Data block
______________________________
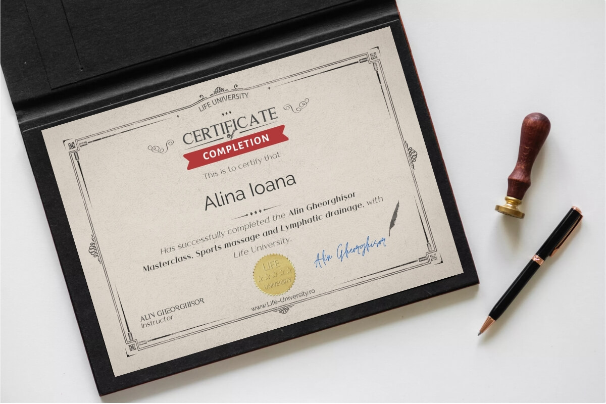 În plus, după finalizarea cu succes a cursului de Masaj Sportiv cu Alin Gheorghișor și a examenului grilă, vei primi:
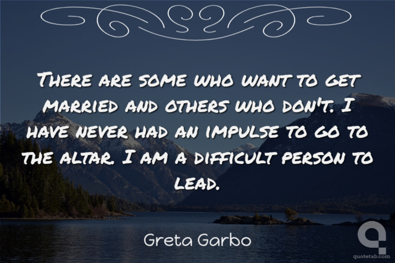 There are some who want to get married and others who don't. I have never had an impulse to go to the altar. I am a difficult person to lead. Greta Garbo
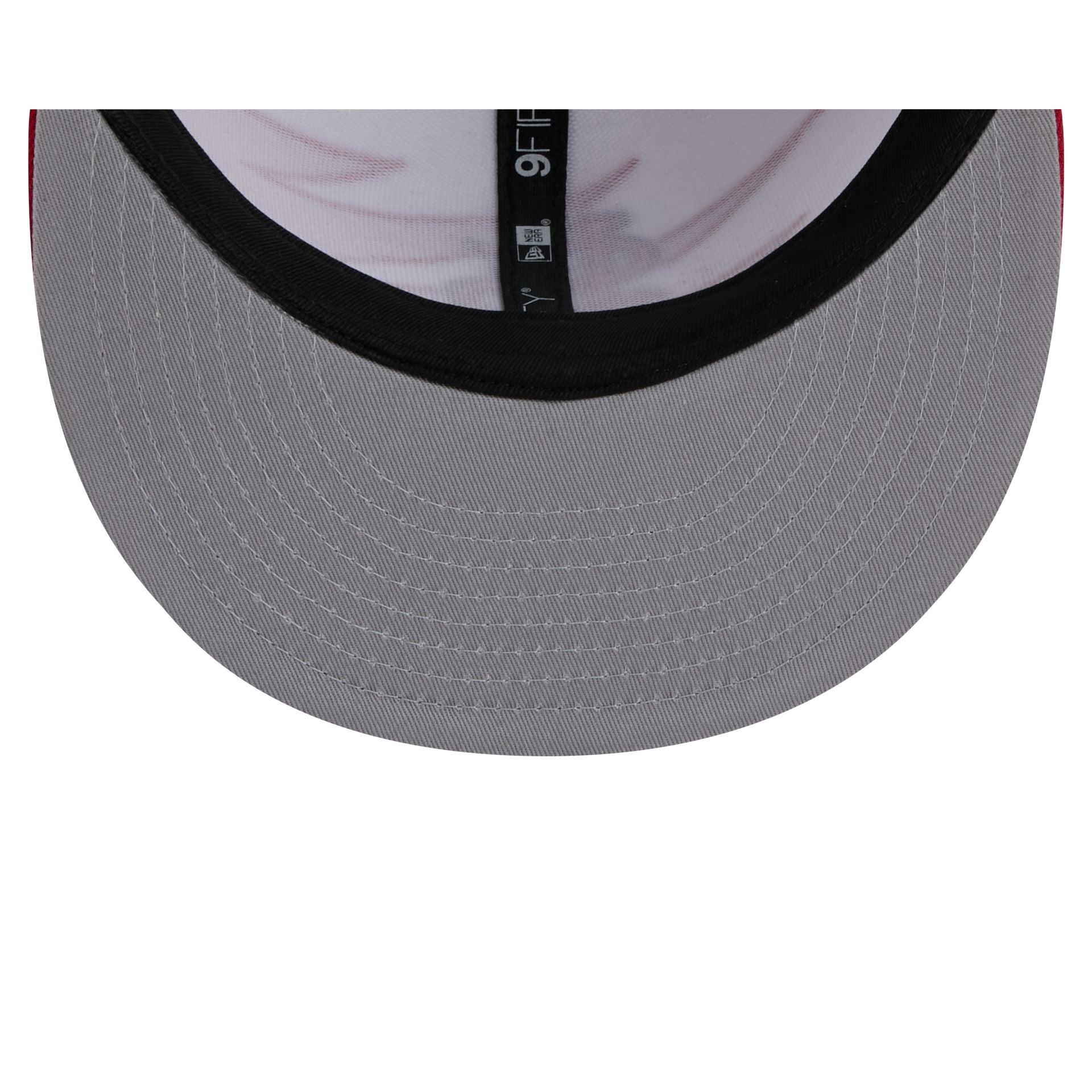 The St. Louis Cardinals Jagged 9FIFTY Snapback features an embroidered Cardinals logo at the front panels with a jagged pattern fabrication throughout the cap. Additional details include a snapback closure at the rear and a gray undervisor.
______________________________
The problem
The data is to be restated word for word, with any pictures set aside.

Task response
 În plus, după finalizarea cu succes a cursului de Masaj Sportiv cu Alin Gheorghișor și a examenului grilă, vei primi:
 There are some who want to get married and others who don't. I have never had an impulse to go to the altar. I am a difficult person to lead. Greta Garbo
 The St. Louis Cardinals Jagged 9FIFTY Snapback features an embroidered Cardinals logo at the front panels with a jagged pattern fabrication throughout the cap. Additional details include a snapback closure at the rear and a gray undervisor.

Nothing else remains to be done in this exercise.